Corneal hydration is determined by factors such as endothelial pump, epithelial barrier, water evaporation, IOP, and stromal swelling pressure, mainly because of keratan and chondroitin sulfate.
It seems that the anatomical and biomechanical changes that occur in the cornea after a LASIK flap creation might alter the balance between the factors that define the corneal hydration or the response to an acute hydraulic stress. In fact, Dawson et al.
evaluated the behaviour of human eye-bank donor corneas that had undergone LASIK surgery years before, using 2 models that caused cornea edema. The authors found that the fluid tends to accumulate within the flap and in the flap–stroma interface, thus proving that the flap has different properties, from the hydraulic conductivity point of view, than the rest of the cornea.

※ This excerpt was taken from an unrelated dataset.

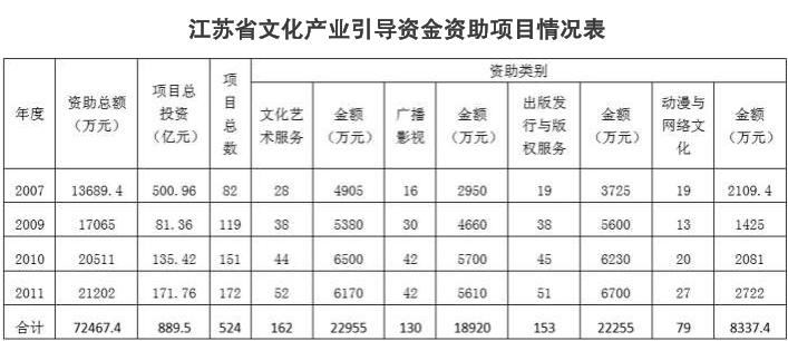 2007年,江苏省政府设立了初始规模为1亿元的文化产业引导资金,并于2009年增加到2亿元。经过2007—2008、2009、2010、2011四个年度的申报评审工作,共资助了524个文化产业项目,资金总额为7.24亿元。按项目性质分,文化艺术服务项目162个,22955万元;广播影视项目130个,18920万元;出版发行与版权服务项目153个,22255万元;动漫与网络文化项目79个,8337万元。带动项目总投资额超过800亿元,有效发挥了财政资金“四两拨千斤”的作用(详见下表)。
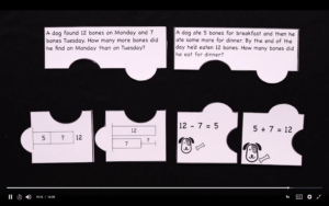 At the end of the show, we really want to make sure again that students are understanding which equation matches the story. Kids need a lot of practice with this concept and so for the extension activity, they’re going to be doing Professor Barble puzzles! These are really fun puzzles where students have to match an equation and a visual model together with the story problem to see if it all makes sense together.

Interestingly, in our case, no fluid was found in the interface, but a corneal edema confined to the LASIK flap developed, suggesting a different hydraulic behaviour of the flap compared with the stromal bed “in vivo.”

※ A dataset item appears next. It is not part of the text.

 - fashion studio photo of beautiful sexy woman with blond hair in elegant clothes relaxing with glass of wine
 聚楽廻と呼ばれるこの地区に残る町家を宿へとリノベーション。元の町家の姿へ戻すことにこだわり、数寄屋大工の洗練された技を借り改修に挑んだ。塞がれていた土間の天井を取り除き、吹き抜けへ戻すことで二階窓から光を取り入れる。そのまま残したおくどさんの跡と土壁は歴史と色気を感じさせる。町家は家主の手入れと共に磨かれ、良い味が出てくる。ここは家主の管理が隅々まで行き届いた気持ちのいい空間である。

It is accepted that the flap creation changes the corneal biomechanical properties. Therefore, the superficial corneal lamellae of the LASIK flap may be less strongly attached to the peripheral cornea than the posterior lamellae within the stromal bed,
found a significant decrease of the keratocyte density in both the stromal flap and the stromal bed months after LASIK, although the average cell density throughout the whole cornea was not decreased. Keratocytes are involved in the synthesis of collagen molecules and glycosaminoglycans, both crucial in maintaining stromal homeostasis. In fact, the specific distribution of the different proteoglycans, which have different water affinity, may play a role in the establishment of water gradients across the cornea (i.e., keratan sulfate, more hydrophilic, is predominantly located in the posterior stroma, whereas dermatan sulfate, less hydrophilic, is predominantly located in the anterior stroma).
Therefore, LASIK-induced changes in the keratocyte density might modify the normal distribution of proteoglycans throughout the cornea, thus explaining the peculiar distribution of water seen in acute corneal edema in these eyes.
Finally, the stronger adhesion that a femtosecond laser-created flap seems to have to the stromal bed in comparison with mechanical microkeratome flaps
may modify the response of the flap to an acute hydraulic stress. An increased IOP or a transient endothelial dysfunction that commonly happen after cataract surgery might have caused the corneal edema confined to the LASIK flap in our case.